1 files changed, 65 insertions, 22 deletions

diff --git a/lib/StaticAnalyzer/Checkers/BasicObjCFoundationChecks.cpp b/lib/StaticAnalyzer/Checkers/BasicObjCFoundationChecks.cpp
index e0c3962cb6..fba14a0fc4 100644
--- a/lib/StaticAnalyzer/Checkers/BasicObjCFoundationChecks.cpp
+++ b/lib/StaticAnalyzer/Checkers/BasicObjCFoundationChecks.cpp
@@ -759,38 +759,81 @@ static bool isKnownNonNilCollectionType(QualType T) {
   }
 }
 
-void ObjCLoopChecker::checkPostStmt(const ObjCForCollectionStmt *FCS,
-                                    CheckerContext &C) const {
-  ProgramStateRef State = C.getState();
-  
-  // Check if this is the branch for the end of the loop.

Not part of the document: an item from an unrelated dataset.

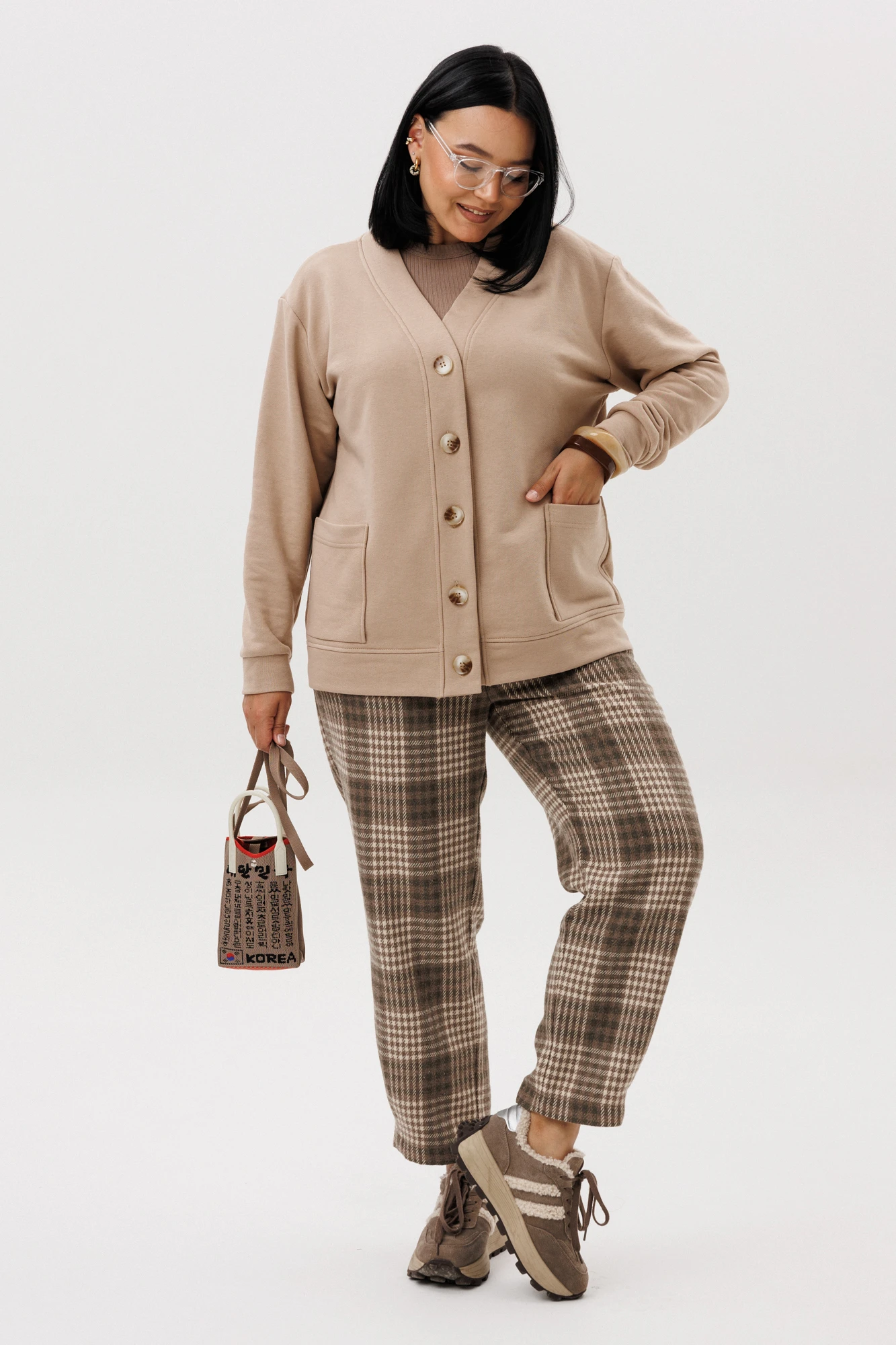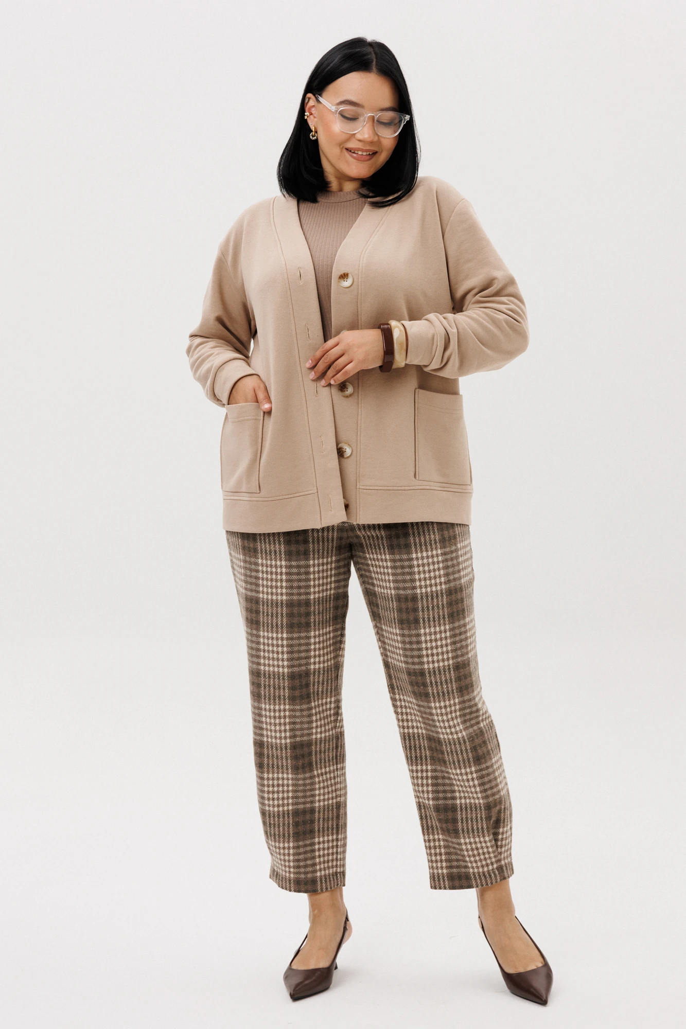 Брючный костюм Anastasia 1301 бежевый/ клетка двойка

-  SVal CollectionSentinel = State->getSVal(FCS, C.getLocationContext());
-  if (CollectionSentinel.isZeroConstant())
-    return;
-  
+/// Assumes that the collection is non-nil.
+///
+/// If the collection is known to be nil, returns NULL to indicate an infeasible
+/// path.
+static ProgramStateRef checkCollectionNonNil(CheckerContext &C,
+                                             ProgramStateRef State,
+                                             const ObjCForCollectionStmt *FCS) {
+  if (!State)
+    return NULL;
+
+  SVal CollectionVal = C.getSVal(FCS->getCollection());
+  Optional<DefinedSVal> KnownCollection = CollectionVal.getAs<DefinedSVal>();
+  if (!KnownCollection)
+    return State;
+
+  ProgramStateRef StNonNil, StNil;
+  llvm::tie(StNonNil, StNil) = State->assume(*KnownCollection);
+  if (StNil && !StNonNil) {
+    // The collection is nil. This path is infeasible.
+    return NULL;
+  }
+
+  return StNonNil;
+}
+
+/// Assumes that the collection elements are non-nil.
+///
+/// This only applies if the collection is one of those known not to contain
+/// nil values.
+static ProgramStateRef checkElementNonNil(CheckerContext &C,
+                                          ProgramStateRef State,
+                                          const ObjCForCollectionStmt *FCS) {
+  if (!State)
+    return NULL;
+
   // See if the collection is one where we /know/ the elements are non-nil.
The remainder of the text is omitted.